Back in the late 90’s, there was a new big thing coming. It was going to change the way the industry was getting paid. Remember? Organizations were up in arms about moving away from the payment model that was in place that paid you what you said your costs were – pretty much no questions asked. And if you spent more than you were reimbursed, CMS looked at your payment requests and adjusted them annually. Sweet deal, right? Well, along came PPS – the Prospective Payment System that put an end to that and began using the MDS as the vehicle to determine payment.
So here we are about 20 years later and we are faced with industry payment and reimbursement changes again. These are moving at a speed that has not been seen before in our industry. The talk around the industry is that organizations that are doing well should be very successful moving forward. Those that are willing to make the changes they need to make to keep up with the industry will be successful, too. However, those that continue to be status quo with how they operate today will fail. Couple this information with the belief that one star facilities will be all but extinct, and there are a lot of facilities at risk.
Current guidance on what providers should be looking at
Update old buildings now, sell weaker performers, plan for acquisitions you want to be involved in even if in the future, and concentrate your holdings geographically.
Provide quality care
Strive to be the best in class performer in your market – things to concentrate on include lower readmission rates, lengths of stay, staff turnover, high clinical skills and outcomes, and your Five Star rating.

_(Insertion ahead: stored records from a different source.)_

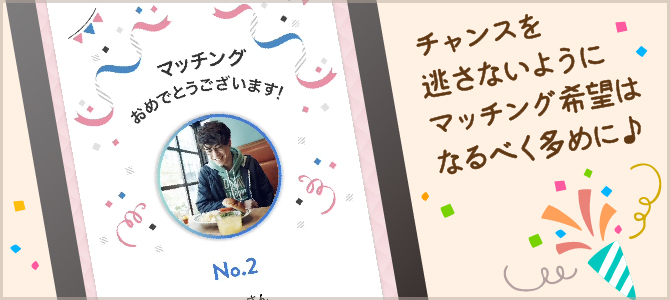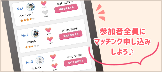 1回目でカップリングされなかった方が男女1名様ずついらっしゃった場合は2回目のマッチングに進む事が出来ます。
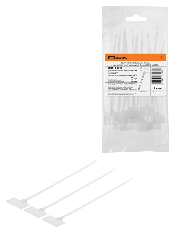 Хомут нейлоновый 3,2 х 215 мм с маркировочной площадкой (белый) (100 шт) TDM
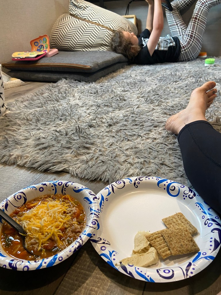 I opted to eat my dinner inside the camper on the floor while the boys ate at the picnic table. The ground outside was a bit wet and muddy, so we didn’t need Amelia getting too sassy and dirty while we ate.
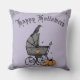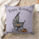 Dibujada a mano con tinta negra, esta almohada gótica festiva "Happy Halloween" presenta ilustraciones dibujados a mano con tinta negra por Nathalie Portet de un antiguo coche victoriano para bebés, cuervo negro, calabazas y telarañas, todo con un elegante fondo morado. Con texto editable, personalizar tu almohada en la página del producto haciendo clic en "Personalizar esta plantilla" antes de añadir a tu carrito.
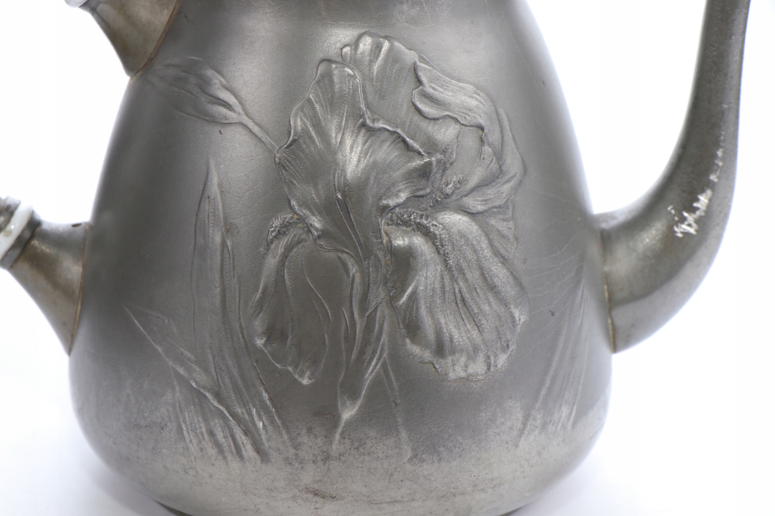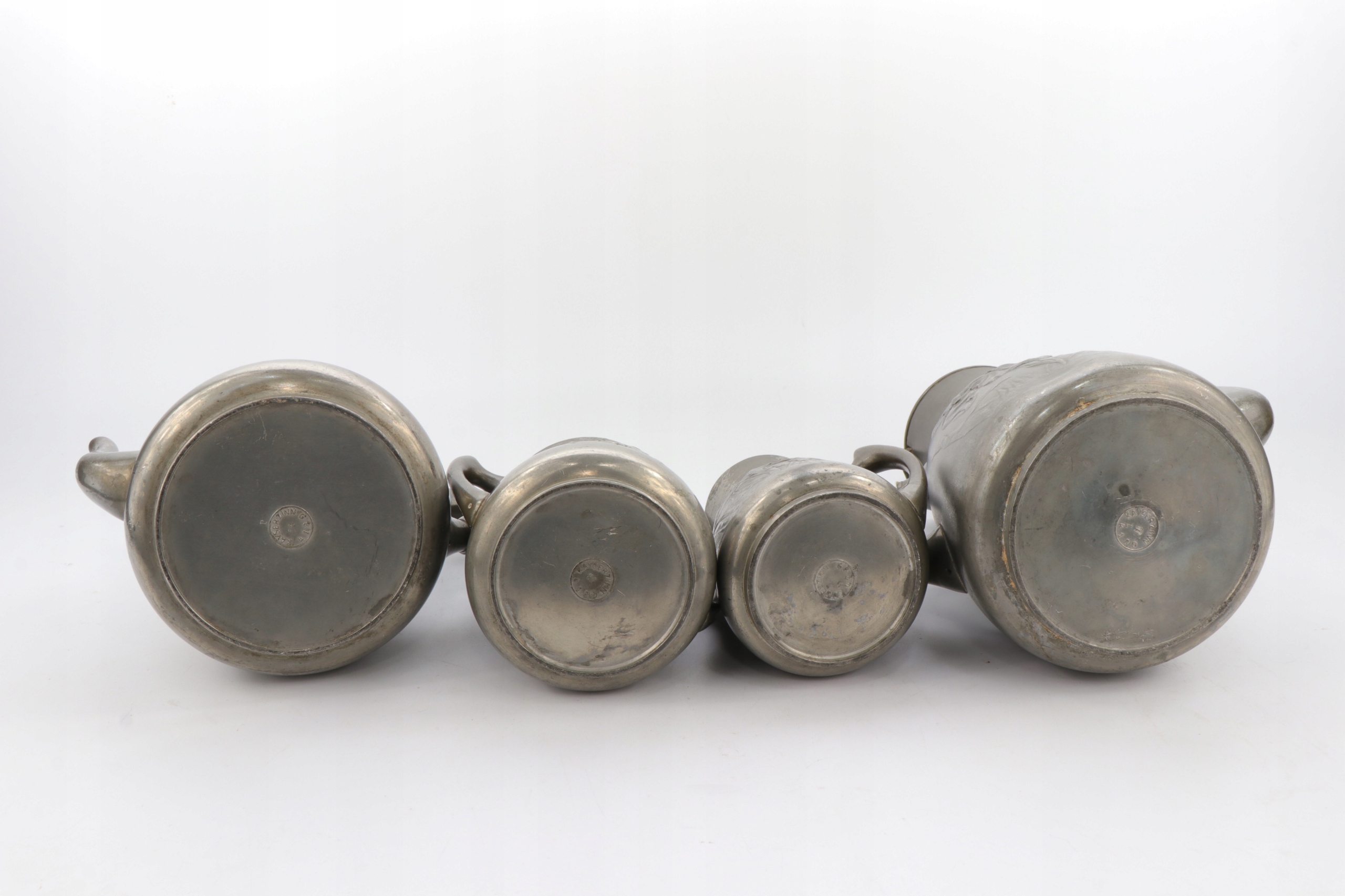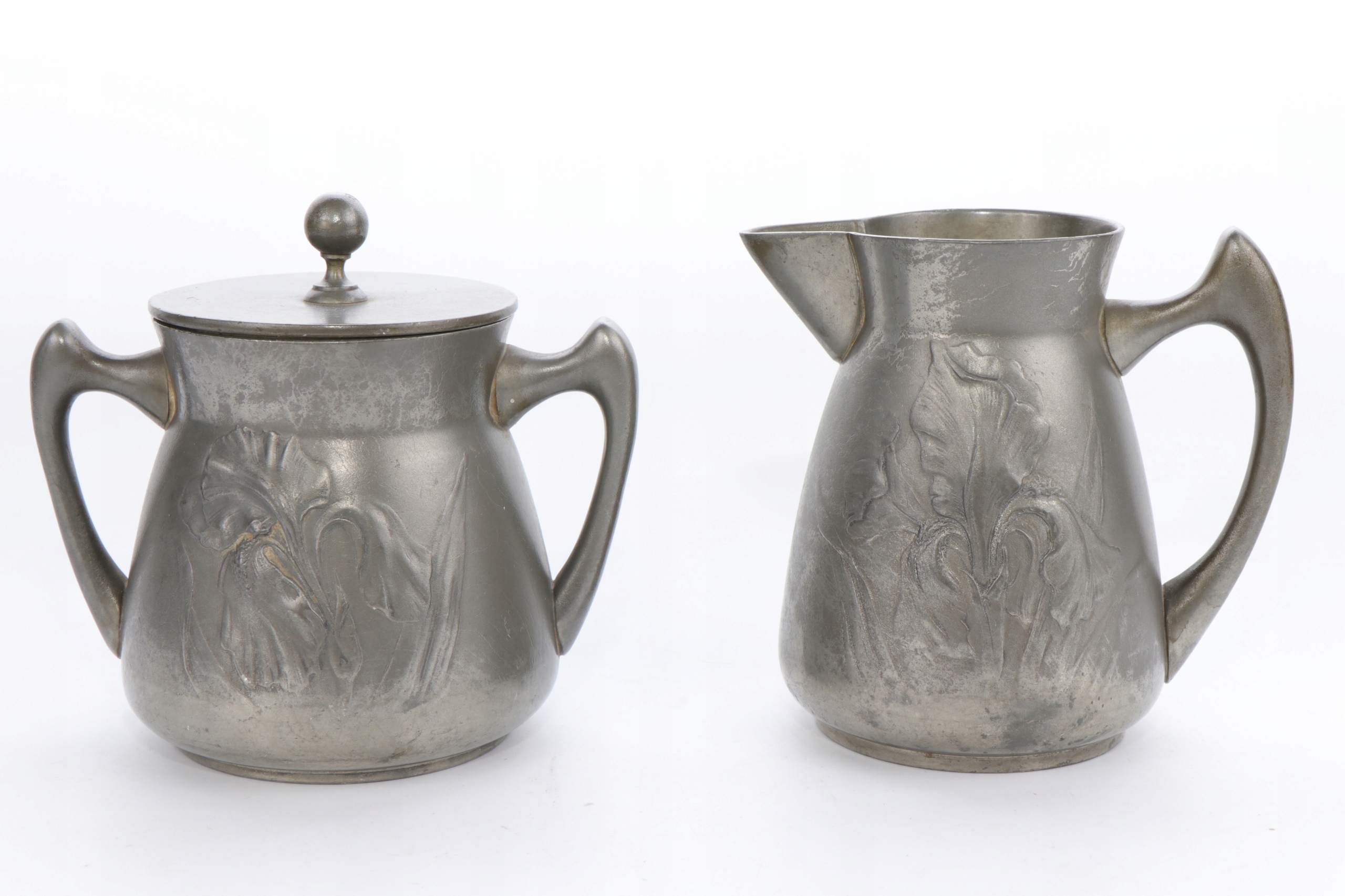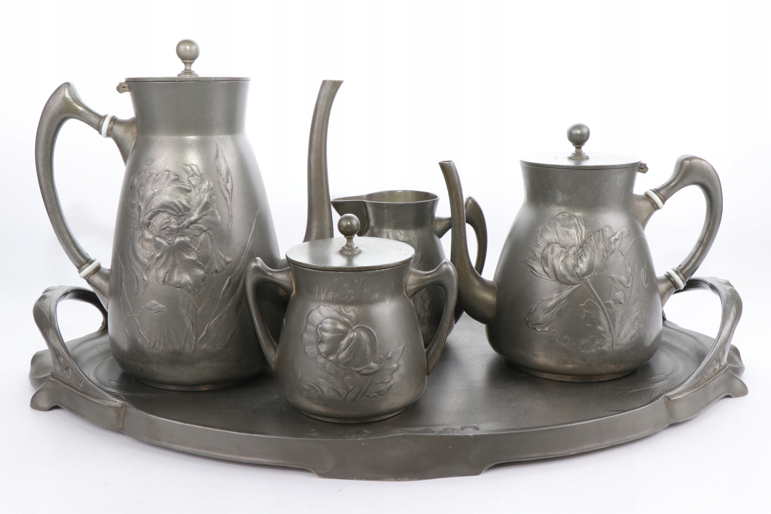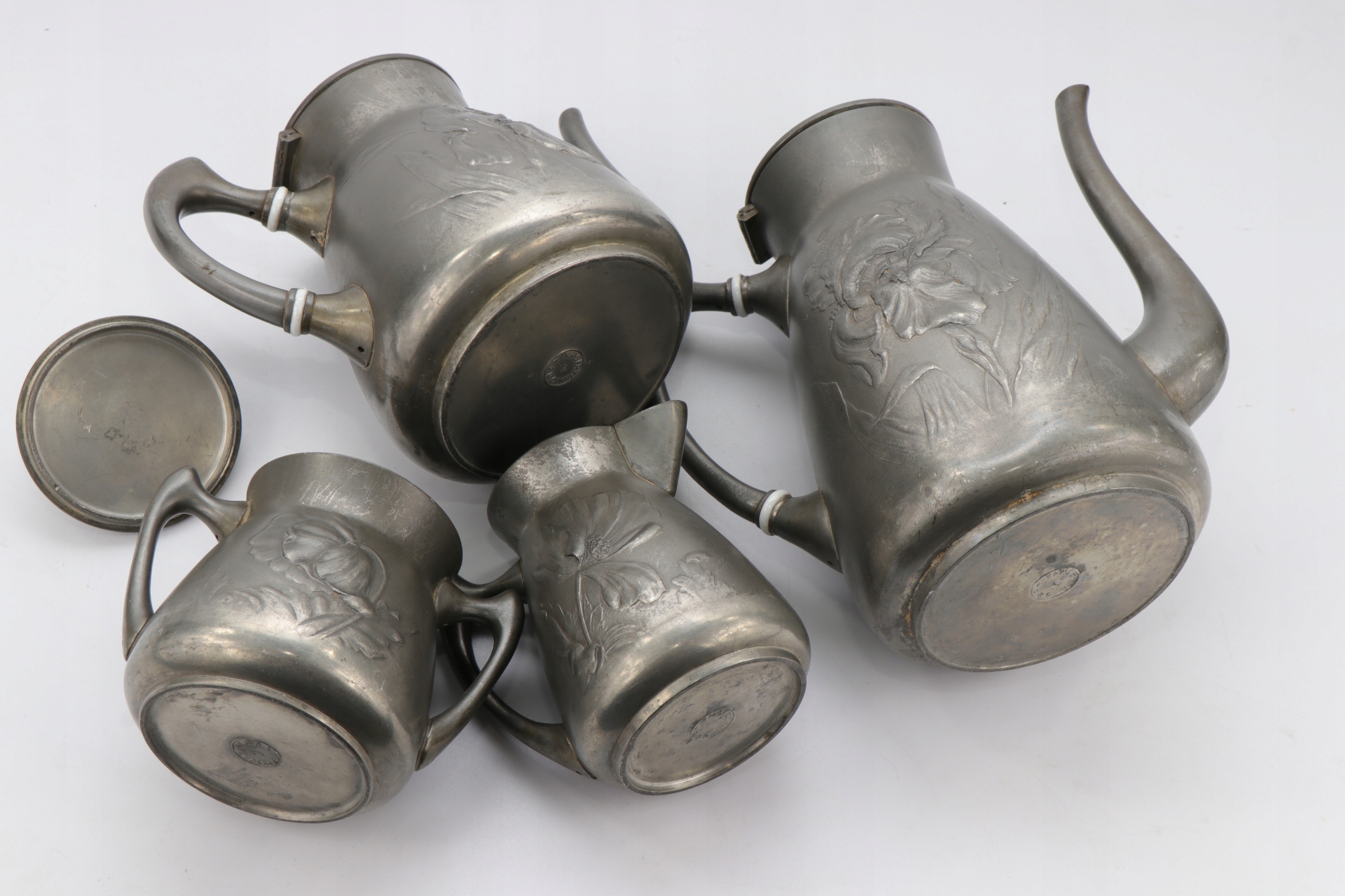 Набір у стилі модерн із двох глечиків, цукорниці та молочника з олова, розроблений Гуго Левеном. Об'єкт, прикрашений рельєфним орнаментом з маків та ірисів. Предмети позначені каталожним номером 4189.
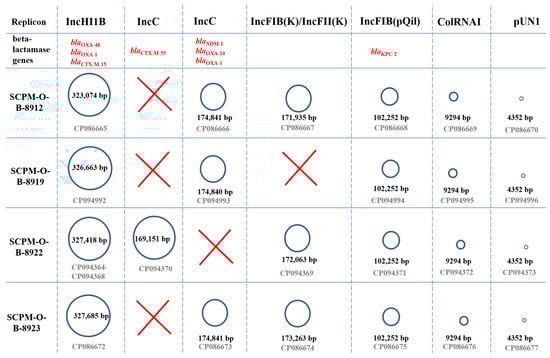 Plasmids identified in K. pneumoniae strains SCPM-O-B-8912, SCPM-O-B-8919, SCPM-O-B-8922, and SCPM-O-B-8923.

Gather, understand and act on performance data points
What is the “total cost of care” that you provide? As hospitals are looking to partner with organizations that provide high quality, they also want to know in a risk share environment what the costs will be.
Spread your wings. Own or closely link/partner with home health, assisted living, outpatient care, and other non-acute operators as risk sharing becomes more commonplace such as ACOs. Companies should invest in EMRs to obtain better predictive analytics and identify opportunities for better care coordination. This investment will also help with other alliances and payment models since data is becoming integral to our processes.
Be tomorrow’s hospital
Take advantage now of CMS’ statement that they will increase reimbursement for taking higher acuity residents. This will require SNFs to raise their complex and chronic care competencies. This will be especially true if rehabilitation services that are traditionally and currently provided by SNFs are provided in assisted living or home settings as experts predict will occur.
Turnover was mentioned above in the section about providing quality care. This is the key to all of these changes. Getting turnover under control must be achieved in order to achieve repeatable results, which is the ultimate goal. What are you doing to address this age old issue? Look at the reasons your staff call off, your response to it and how often you are replacing staff. We all know the cost of replacing one staff member – somewhere between $2,500 and $5,000. It’s going to start costing you more in terms of your data analytics and your ability to become the leader in your market with whom organizations want to partner. While the problem is one for the ages, how we solve it needs to be revisited.